Ground pour on the board surface is a good way to minimize the impact of outside EMI and RF interference.

Ground pour should be kept at least 3x line width away from any RF trace. If ground pour is more than 5x line width, then the engineer can probably compact the design and save space (and cost).

The more spread out a design, the less likely it is to experience crosstalk. The more spread out a design, the more expensive it will be. The more compact a design, the more analysis (or prototype versions) will be required to assess and eliminate signal crosstalk. Match the design to the application - a simple test board should be spread out to keep design costs down, while a cell phone or weapon system should be carefully simulated then compacted to meet both size and interference constraints.

Microstrip traces are common. It is simple to route, uses no inductive vias, requires only one dielectric layer, and is always isolated from digital noise internal to the PWB. It also takes up surface area that could be dedicated to components, and it can be susceptible to external EMI or RF interference.

Embedded stripline is good to route signals away from a BGA or flip chip component that already requires vias. It is isolated from both internal PWB digital noise and external EMI. It requires two dielectric layers and so costs twice as much to fabricate as microstrip.

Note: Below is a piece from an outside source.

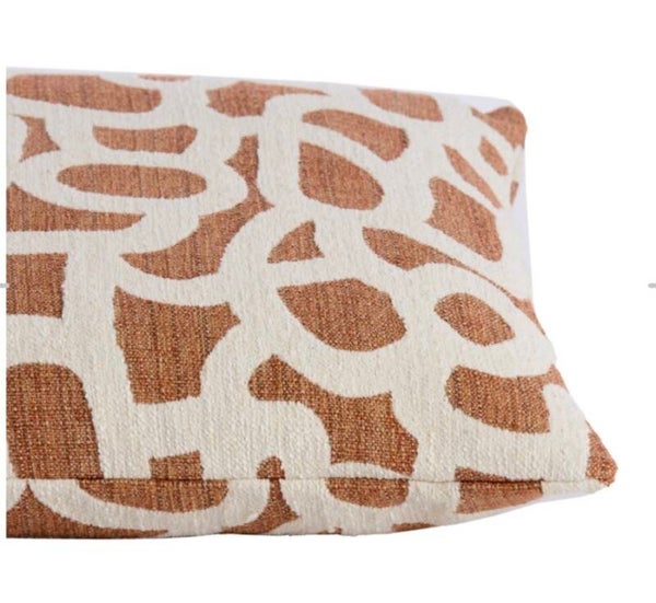 Mooi brique/ecru kussen met gave print.

Ground fences around the perimeter of a board create a Faraday cage. This can isolate signals inside the board from external interference and also enable stray signals to reflect back onto adjacent signals, create crosstalk, and degrade performance. Ground fences are ideally created from two rows of vias, with one row of vias offset from the other. Rows are connected with traces on every layer. In practice, there is usually not enough space to do this everywhere. The more places grounds can be tied together, the lower the inductance between them (and the less risk of ground bounce).

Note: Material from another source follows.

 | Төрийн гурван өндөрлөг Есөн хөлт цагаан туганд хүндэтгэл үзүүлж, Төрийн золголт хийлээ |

Conformal coating (thin layer on organic boards used to prevent corrosion) has little effect on microstrip impedance.

Large surface mount components or plastic or metal packages can change microstrip impedance of traces routed underneath. As a specific example, see "Electromagnetic simulation of a test board to support system in package testing," Surbeck and Jackson, 2003 International Microwave and Optoelectronics Conference (and write papers about your own experiences of what works so we can all learn from your experiences + papers look good on a resume!).

The simplest design tools are basic CAD drawing packages. These require the engineer to be cognizant of the manufacturer's design rules as well as good design practices (like these rules of thumb). Anywhere a question of crosstalk is raised, the engineer either has to grow the design (and pay more per board) or calculate the crosstalk (and take more time to design the board).

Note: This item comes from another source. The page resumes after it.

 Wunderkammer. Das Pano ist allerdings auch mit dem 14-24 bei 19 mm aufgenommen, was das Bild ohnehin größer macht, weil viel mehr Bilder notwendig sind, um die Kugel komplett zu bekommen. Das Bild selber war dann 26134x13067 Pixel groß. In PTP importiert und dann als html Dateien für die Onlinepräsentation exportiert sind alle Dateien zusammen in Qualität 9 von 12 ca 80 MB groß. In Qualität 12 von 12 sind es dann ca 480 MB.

Specialized software packages can handle many of these tasks automatically. Agilent ADS and Ansoft Designer are simulators with layout tools available. Cadence and Mentor offer layout packages with integrated simulators. There are many other tools available from many other companies of varying cost and functionality.

Detailed analysis can be done using the Partial Element Equivalent Circuit (PEEC) method (breaking down all traces into RLC equivalent circuits with LC circuits to represent crosstalk), the Method of Moments (MoM), or Finite Element Method (FEM) analysis. PEEC can be calculated in Matlab. There are commercially available tools to do all types of analysis ranging in cost from < $10k to > $100k.

Mechanical rules of thumb

Work with the manufacturer to avoid most mechanical problems created during fabrication. Good manufacturers will know how to identify and avoid mechanical problems better than the average electrical engineer.

Be cognizant of the heat output of all components to be mounted on the board. A PWB is an insulator so the thermal path of all parts, particularly small packaged or high power parts needs to be considered. Power amplifiers are usually mounted off board for this reason. Thermal vias can be used to move heat off a part with a high power density, but additional heatsinks or thermally conductive materials may be required to prevent parts from burning out.